### Task details
Copy nothing but the lines from the one containing "Sterownik do rolet" through the last line of the records, repeated exactly and without pictures.

§

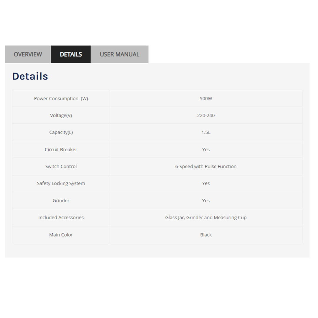 ● Included Glass Jar, Grinder and Measuring Cup
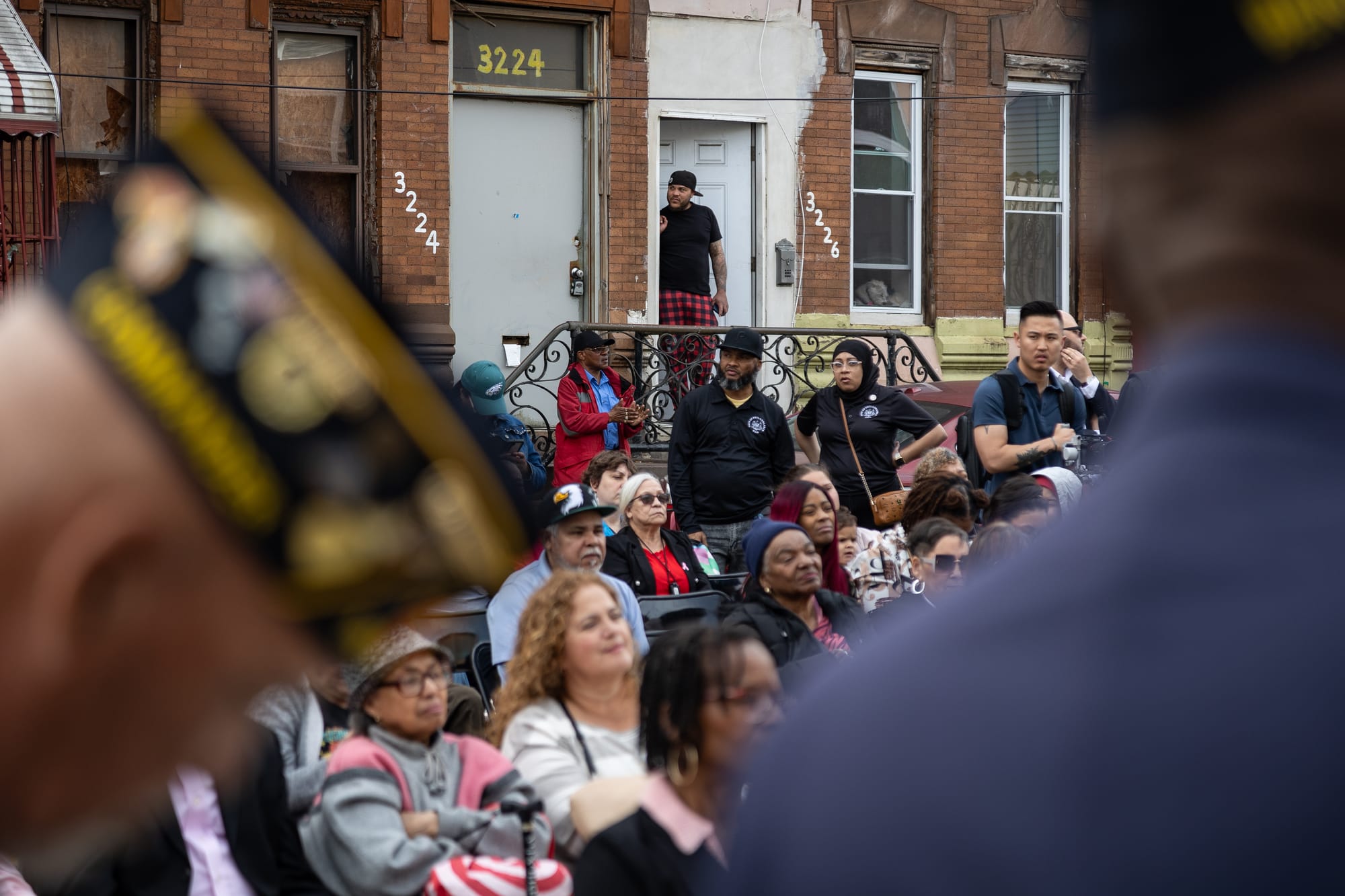 Community members, organizers and city leaders gather to listen to speakers during the ribbon-cutting celebration at the newly renovated Rivera Recreation Center and Mann Older Adult Center in Fairhill on April 4, 2025. (Photo by Solmaira Valerio)
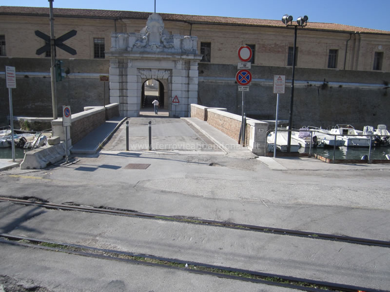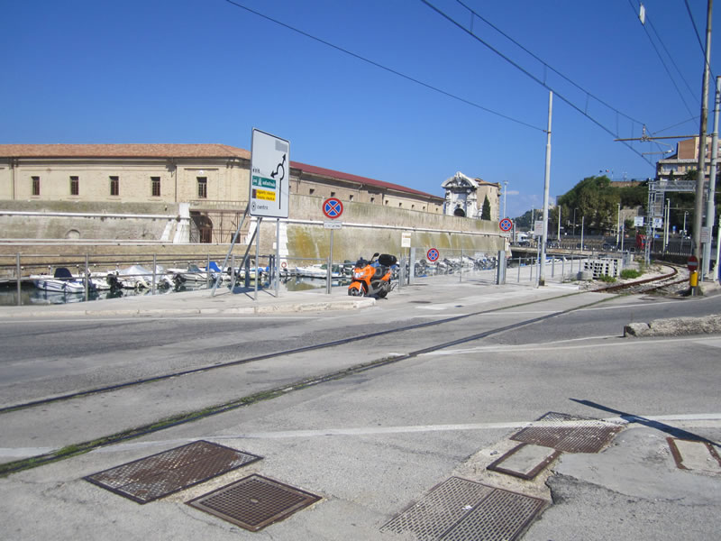 Passaggio a livello al km 1+064, di fronte all'ingresso della Mole Vanvitelliana (A. Stigliani, 2016)
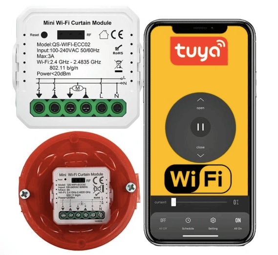 Sterownik do rolet WiFi do mocy aż 720 W z funkcją regulacji procentowej otwarcia rolety, pozwoli kontrolować zasłanianie będąc podłączonym do sieci Wifi lub zdalnie z każdego miejsca na ziemi. Dodatkowo umożliwia ustawienie harmonogramu, dzięki któremu zasłoni lub odsłoni roletę w ustawionym czasie.
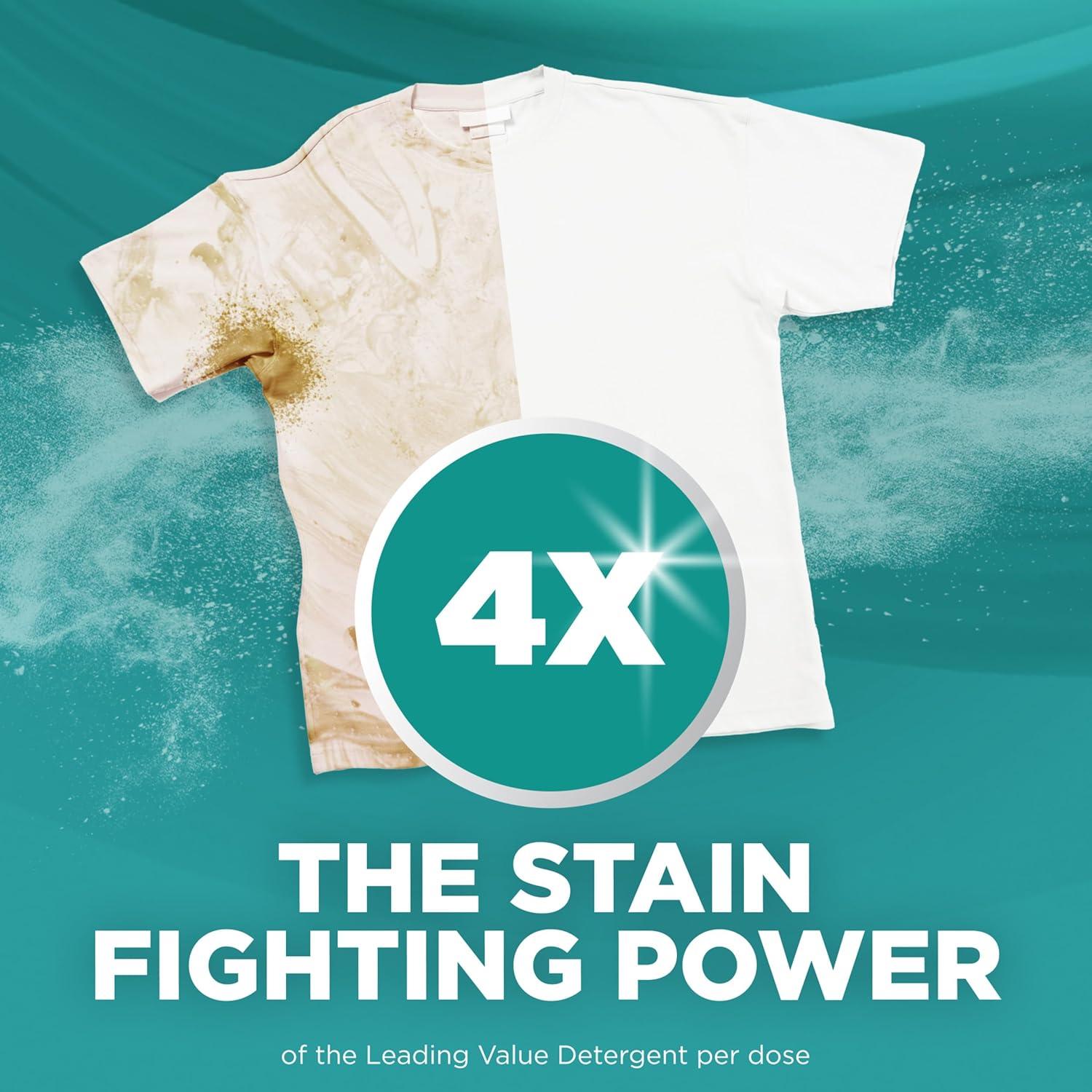 With 4X the stain fighters of the leading value detergent per dose; its pH Power Technology draws out stains between fibers and breaks them up at the source, for a deep clean in just one wash
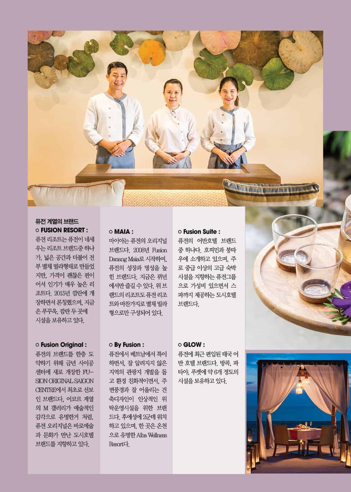 퓨전호텔그룹은 베트남과 유럽합작의 성공 스토리다. 퓨전은 세레니티 홀딩스라는 이름으의 부동산 회사로 2002년 시작되었다. 2006년 네덜란드인인 Marco van Aggele가 2006년에 회사에 조인 하면서 변화를 맞게 된다. 이때부터 본격적으로 고급리조트 및 호텔 업계에 진출하게 되고, 2008년 All-spa Inclusive 컨셉이라는 모토하에 베트남 다낭에 Fusion Maia 지금의 TIA 리조트를 오픈하면서 성장을 시작하게 된다.
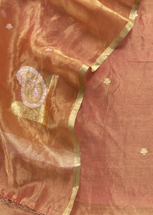 Fire Orange Handloom Tissue Silk Suit With Kadwa Weaves

§

### Exercise solution
 Sterownik do rolet WiFi do mocy aż 720 W z funkcją regulacji procentowej otwarcia rolety, pozwoli kontrolować zasłanianie będąc podłączonym do sieci Wifi lub zdalnie z każdego miejsca na ziemi. Dodatkowo umożliwia ustawienie harmonogramu, dzięki któremu zasłoni lub odsłoni roletę w ustawionym czasie.
 With 4X the stain fighters of the leading value detergent per dose; its pH Power Technology draws out stains between fibers and breaks them up at the source, for a deep clean in just one wash
 퓨전호텔그룹은 베트남과 유럽합작의 성공 스토리다. 퓨전은 세레니티 홀딩스라는 이름으의 부동산 회사로 2002년 시작되었다. 2006년 네덜란드인인 Marco van Aggele가 2006년에 회사에 조인 하면서 변화를 맞게 된다. 이때부터 본격적으로 고급리조트 및 호텔 업계에 진출하게 되고, 2008년 All-spa Inclusive 컨셉이라는 모토하에 베트남 다낭에 Fusion Maia 지금의 TIA 리조트를 오픈하면서 성장을 시작하게 된다.
 Fire Orange Handloom Tissue Silk Suit With Kadwa Weaves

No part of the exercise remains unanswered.